Слава тебе в молотьбе и в сеятьбе,Грядущих веков Одиссея — тебе, —

не такая, чтобы поэту не погордиться, на то он поэт!

Разноударная рифма: «пращой — прощай» (в «Мистерии-буфф») поразила своей неожиданностью.

Сложная составная рифма «до чего доросли — первой гильдии, а жрем водоросли» — в театральной постановке не доходила, в авторской читке вызывала аплодисменты.

Сложнейшие для восприятия образы были скрыты в четверостишии:

Бутафор —  катафалк готовь!Ядер в толпу!  Мало вдов еще в ней.И взвился  в небо    фейерверк фактов один другого чудовищней!

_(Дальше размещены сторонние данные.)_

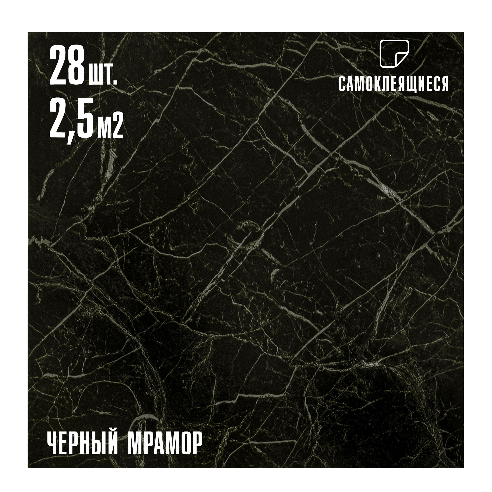 Купить Комплект 28шт. Самоклеящаяся ПВХ плитка LAKO DECOR "Чёрный мрамор", толщина 2мм, 2.52м²

Эти четыре рифмованные строки могут послужить целой лекцией по искусству стихосложения. Во-первых, сложная рифма «Катафалк готовь — фактов». Рифма «вдов еще в ней — чудовищней» опорная, составная, будто бы натянутая и в то же время легко и звонко проходящая.

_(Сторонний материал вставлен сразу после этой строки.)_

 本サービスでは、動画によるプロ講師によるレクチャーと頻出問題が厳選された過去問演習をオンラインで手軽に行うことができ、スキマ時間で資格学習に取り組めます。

И, наконец, основной образ стиха — когда слушателю становилось ясно, что поэт, смотря на реальных солдат, идущих в бой, пророчески видит за ними их оплакивающих вдов, дочерей, матерей…

Доходило!

А в некоторых случаях Маяковский позволял себе такие авторские нюансы и расцветки, на которые ни один актер-исполнитель не решится.

В известном стихотворении о встрече поэта с Солнцем последняя строфа звучит:

Светить всегда, светить везде,до дней последних донца!Светить —   и никаких гвоздей — вот лозунг Мой   и Солнца!

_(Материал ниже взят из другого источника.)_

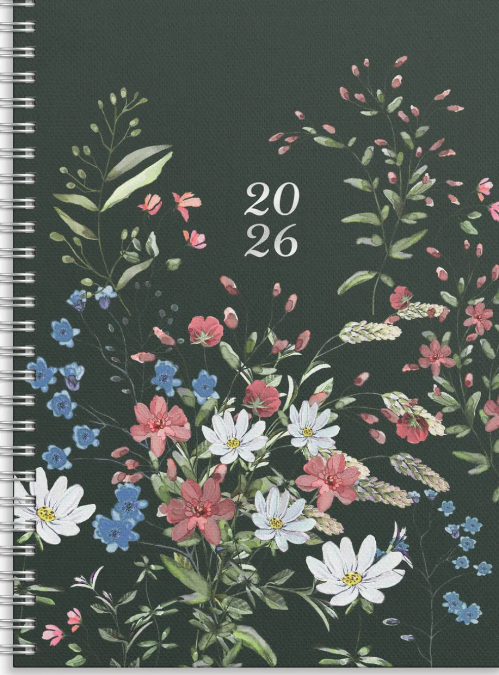Painettu kartonkikansi. Kalenterin aukeamalla yksi viikko, tuntijaotus 08-19, muistiinpanotilaa ja koko vuoden kuukausitaulukot. Kalenteri sisältää nimipäivät, juhlapyhät, liputuspäivät, kuun vaiheet, vuosisuunnitelmat kuluvalle ja seuraavalle vuodelle, kalendaariset tiedot, yleiset pyhäpäivät maailmalla, auringon nousu- ja laskuajat sekä muistiinpanosivut. Kalenteriosa: vk 51 2025-vk 53 2026/2027. Kolmikielinen: suomi/ruotsi/englanti. Parikierresidottu kalenteri. FSC®. Koko: 148×210 mm (A5).

Маяковский третью строку вел на высоких, можно сказать, на теноровых раскатах, затем во фразе «вот лозунг Мой» слово «мой» произносил на высочайшей кульминации с поднятой кверху рукой, для того, чтоб закончить «и Солнца», опуская руку с довольно пренебрежительной интонацией.

Все это делалась для того, чтобы зрителю-слушателю стало ясно — все изложенное легкая шутка, смелая фантазия, никакое солнце, дескать, с неба не сходило, и единственный серьезный вывод из прочитанной шутки заключается в том, что «звонкая сила поэта» имеет мощность побольше, чем даже «сто сорок солнц».

Так выступал Маяковский, так «доходил» он до аудитории нашего времени. А в то, в другое время, применительно к другому потребителю он помечал на афише «Вечера футуристов»:

«В антрактах знаменитый деревообделочник Владимир Маяковский будет заниматься с публикой».

Умный кормчий

Почему мысль из головы поэта выходит уже вооруженная четырьмя рифмами, размеренными, стройными, однообразными стопами?

Пушкин, «Египетские ночи»

Валерий Брюсов был не только выдающийся поэт и не только образованнейший человек своего времени.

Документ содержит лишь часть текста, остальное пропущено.